[STORED DATA Boundary: Start]
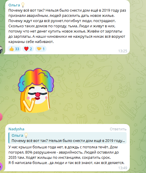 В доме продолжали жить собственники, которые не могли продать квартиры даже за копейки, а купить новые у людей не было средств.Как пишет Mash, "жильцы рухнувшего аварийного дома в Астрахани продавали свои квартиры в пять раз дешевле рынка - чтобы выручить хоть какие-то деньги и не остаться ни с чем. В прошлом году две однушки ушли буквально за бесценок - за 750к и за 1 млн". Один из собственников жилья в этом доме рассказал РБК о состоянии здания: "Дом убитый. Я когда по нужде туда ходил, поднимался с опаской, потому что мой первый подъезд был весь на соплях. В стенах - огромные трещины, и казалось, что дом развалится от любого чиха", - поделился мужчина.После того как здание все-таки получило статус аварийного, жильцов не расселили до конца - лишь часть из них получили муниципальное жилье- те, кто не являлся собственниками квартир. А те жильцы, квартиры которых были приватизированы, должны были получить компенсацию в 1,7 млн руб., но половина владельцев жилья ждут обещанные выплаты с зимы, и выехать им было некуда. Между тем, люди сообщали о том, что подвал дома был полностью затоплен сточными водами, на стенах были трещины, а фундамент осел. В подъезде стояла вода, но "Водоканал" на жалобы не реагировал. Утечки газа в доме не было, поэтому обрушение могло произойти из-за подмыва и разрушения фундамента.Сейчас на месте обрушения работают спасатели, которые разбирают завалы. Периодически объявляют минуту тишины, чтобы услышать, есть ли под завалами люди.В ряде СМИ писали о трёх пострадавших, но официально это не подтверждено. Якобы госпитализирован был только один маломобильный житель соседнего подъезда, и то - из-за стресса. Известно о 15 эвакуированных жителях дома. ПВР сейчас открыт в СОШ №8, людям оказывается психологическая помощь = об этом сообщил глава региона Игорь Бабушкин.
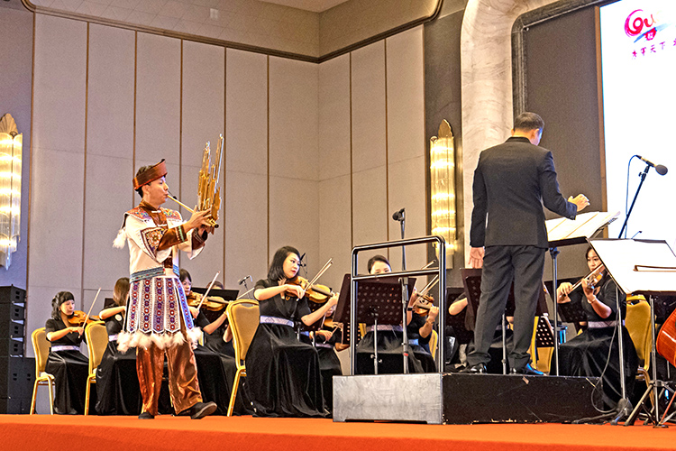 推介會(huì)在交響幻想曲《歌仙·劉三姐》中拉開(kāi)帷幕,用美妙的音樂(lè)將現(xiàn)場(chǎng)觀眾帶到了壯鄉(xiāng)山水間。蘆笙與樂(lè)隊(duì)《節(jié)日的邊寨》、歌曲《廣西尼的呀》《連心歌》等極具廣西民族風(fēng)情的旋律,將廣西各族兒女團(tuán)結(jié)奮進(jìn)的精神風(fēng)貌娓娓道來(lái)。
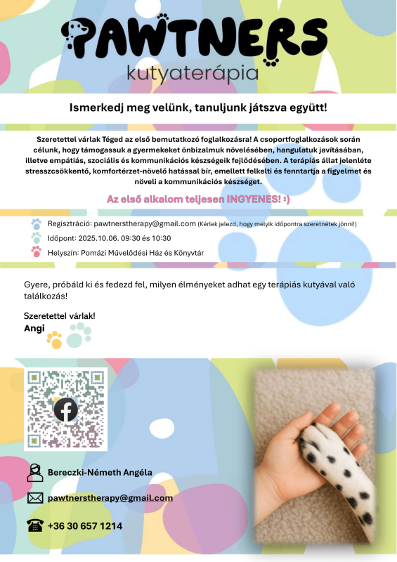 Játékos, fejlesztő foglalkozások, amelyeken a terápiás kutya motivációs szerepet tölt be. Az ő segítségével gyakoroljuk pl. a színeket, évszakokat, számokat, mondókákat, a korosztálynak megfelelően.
[STORED DATA Boundary: End]
§ **ASSIGNMENT**: Repeat the data exactly as written, but without the pictures.

§ **RESPONSE TO THE EXERCISE**:
 В доме продолжали жить собственники, которые не могли продать квартиры даже за копейки, а купить новые у людей не было средств.Как пишет Mash, "жильцы рухнувшего аварийного дома в Астрахани продавали свои квартиры в пять раз дешевле рынка - чтобы выручить хоть какие-то деньги и не остаться ни с чем. В прошлом году две однушки ушли буквально за бесценок - за 750к и за 1 млн". Один из собственников жилья в этом доме рассказал РБК о состоянии здания: "Дом убитый. Я когда по нужде туда ходил, поднимался с опаской, потому что мой первый подъезд был весь на соплях. В стенах - огромные трещины, и казалось, что дом развалится от любого чиха", - поделился мужчина.После того как здание все-таки получило статус аварийного, жильцов не расселили до конца - лишь часть из них получили муниципальное жилье- те, кто не являлся собственниками квартир. А те жильцы, квартиры которых были приватизированы, должны были получить компенсацию в 1,7 млн руб., но половина владельцев жилья ждут обещанные выплаты с зимы, и выехать им было некуда. Между тем, люди сообщали о том, что подвал дома был полностью затоплен сточными водами, на стенах были трещины, а фундамент осел. В подъезде стояла вода, но "Водоканал" на жалобы не реагировал. Утечки газа в доме не было, поэтому обрушение могло произойти из-за подмыва и разрушения фундамента.Сейчас на месте обрушения работают спасатели, которые разбирают завалы. Периодически объявляют минуту тишины, чтобы услышать, есть ли под завалами люди.В ряде СМИ писали о трёх пострадавших, но официально это не подтверждено. Якобы госпитализирован был только один маломобильный житель соседнего подъезда, и то - из-за стресса. Известно о 15 эвакуированных жителях дома. ПВР сейчас открыт в СОШ №8, людям оказывается психологическая помощь = об этом сообщил глава региона Игорь Бабушкин.
 推介會(huì)在交響幻想曲《歌仙·劉三姐》中拉開(kāi)帷幕,用美妙的音樂(lè)將現(xiàn)場(chǎng)觀眾帶到了壯鄉(xiāng)山水間。蘆笙與樂(lè)隊(duì)《節(jié)日的邊寨》、歌曲《廣西尼的呀》《連心歌》等極具廣西民族風(fēng)情的旋律,將廣西各族兒女團(tuán)結(jié)奮進(jìn)的精神風(fēng)貌娓娓道來(lái)。
 Játékos, fejlesztő foglalkozások, amelyeken a terápiás kutya motivációs szerepet tölt be. Az ő segítségével gyakoroljuk pl. a színeket, évszakokat, számokat, mondókákat, a korosztálynak megfelelően.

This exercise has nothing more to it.